(Records from a data collection)
★ ★ ★

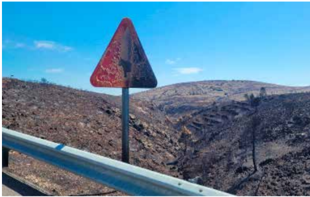
Montes arrasados por el fuego en el Palancia.

El proyecto aspira a realizar un plan de reducción de la huella de carbono de los municipios afectados. Los incendios registrados en el último año en la comarca han
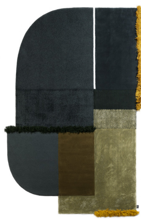
Selce 2 Goethite Blue
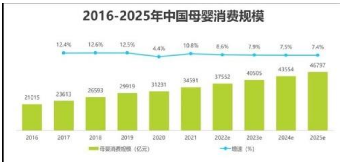
图 1-3 中国母婴消费规模图

母婴市场规模稳步增长，预计 2023 年将超 4 万亿，尽管近年来人口出生率持续走低，但随着人均可支配收入的增加以及母婴童家庭消费能力的提升，中国母婴市场持续增长，2021 年中国母婴消费规模达 34591 亿元，预计未来中国母婴市场仍保持稳定增长趋势，到 2025 年中国母婴市场规模将达到 46797 亿元。
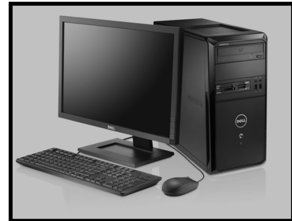
Computer mit Internet
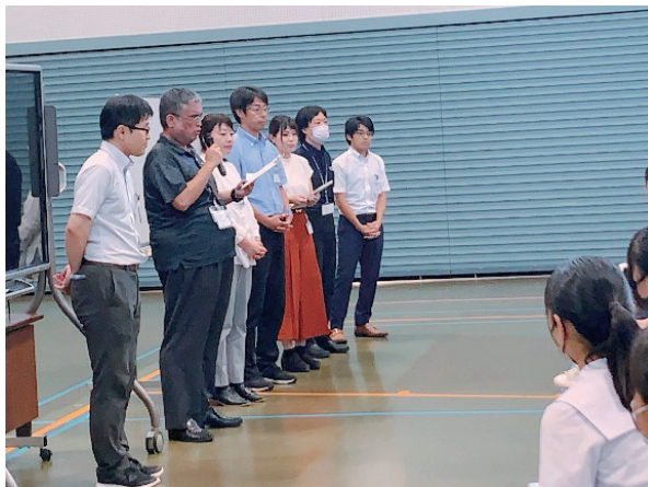
(各校教員からのフィードバック)
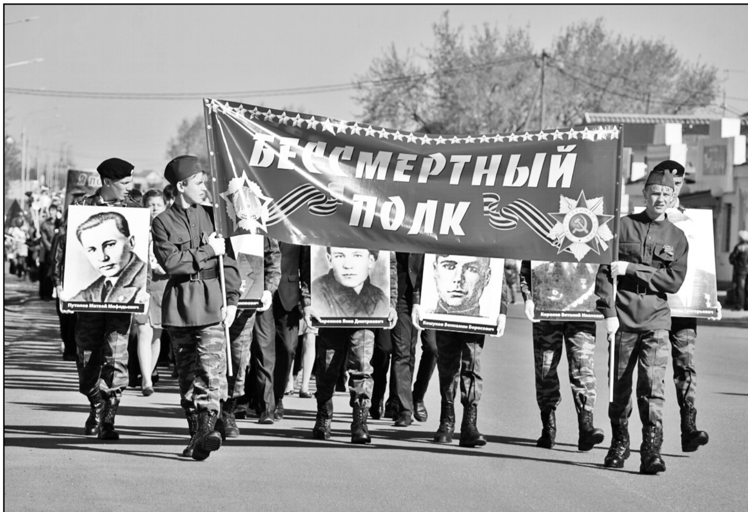
Нет в России семьи такой, где б не памятен был свой герой

Человек живёт, доколе его помнят. Смерть может лишит его жизни, но перед памятью она бессильна.
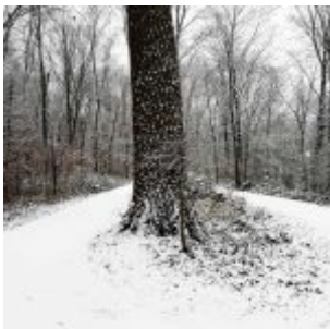
Verschneiter Eller Forst
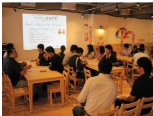
静岡庁舎3階の茶木魚に、市内学生及び国際こば学院の留学生約20名が集まりました。
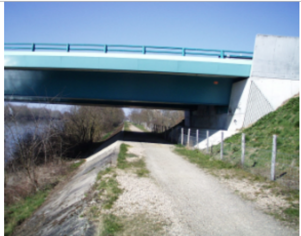
Vue du site BDHE 6311 point de repère 6240

Coordonnées WGS84 : X: 3.19772455 / Y: 46.97619783
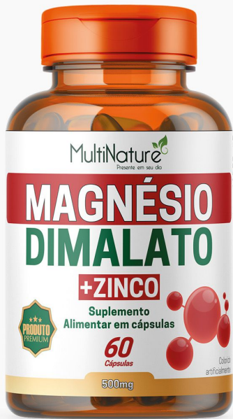
MAGNÉSIO DIMALATO + ZINCO 60 CÁPSULAS
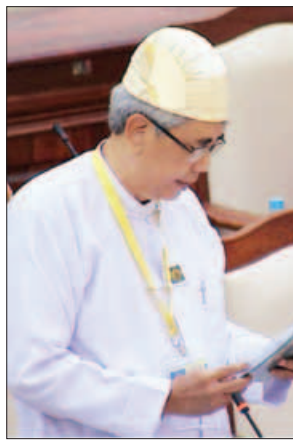
ဒုတိယဝန်ကြီး ဦးကျော်မျိုး
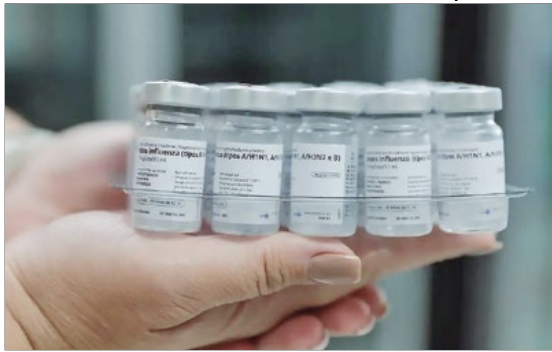
Mais de 2 milhões de doses foram disponibilizadas para serem aplicadas nos postos

Já ponto turístico é o local de interesse “onde os turistas visitam tipicamente pelo seu valor natural ou cultural inerente ou exposto, significado histórico, beleza natural ou construída, proporcionando lazer e diversão”.

★ ★ ★

Word for word, retype the lines in the entries above that run from the one with "图 1-3 中国母婴消费规模图" through the one with "Mais de 2 milhões". Both ends count; pictures do not.

图 1-3 中国母婴消费规模图

母婴市场规模稳步增长，预计 2023 年将超 4 万亿，尽管近年来人口出生率持续走低，但随着人均可支配收入的增加以及母婴童家庭消费能力的提升，中国母婴市场持续增长，2021 年中国母婴消费规模达 34591 亿元，预计未来中国母婴市场仍保持稳定增长趋势，到 2025 年中国母婴市场规模将达到 46797 亿元。
Computer mit Internet
(各校教員からのフィードバック)
Нет в России семьи такой, где б не памятен был свой герой

Человек живёт, доколе его помнят. Смерть может лишит его жизни, но перед памятью она бессильна.
Verschneiter Eller Forst
静岡庁舎3階の茶木魚に、市内学生及び国際こば学院の留学生約20名が集まりました。
Vue du site BDHE 6311 point de repère 6240

Coordonnées WGS84 : X: 3.19772455 / Y: 46.97619783
MAGNÉSIO DIMALATO + ZINCO 60 CÁPSULAS
ဒုတိယဝန်ကြီး ဦးကျော်မျိုး
Mais de 2 milhões de doses foram disponibilizadas para serem aplicadas nos postos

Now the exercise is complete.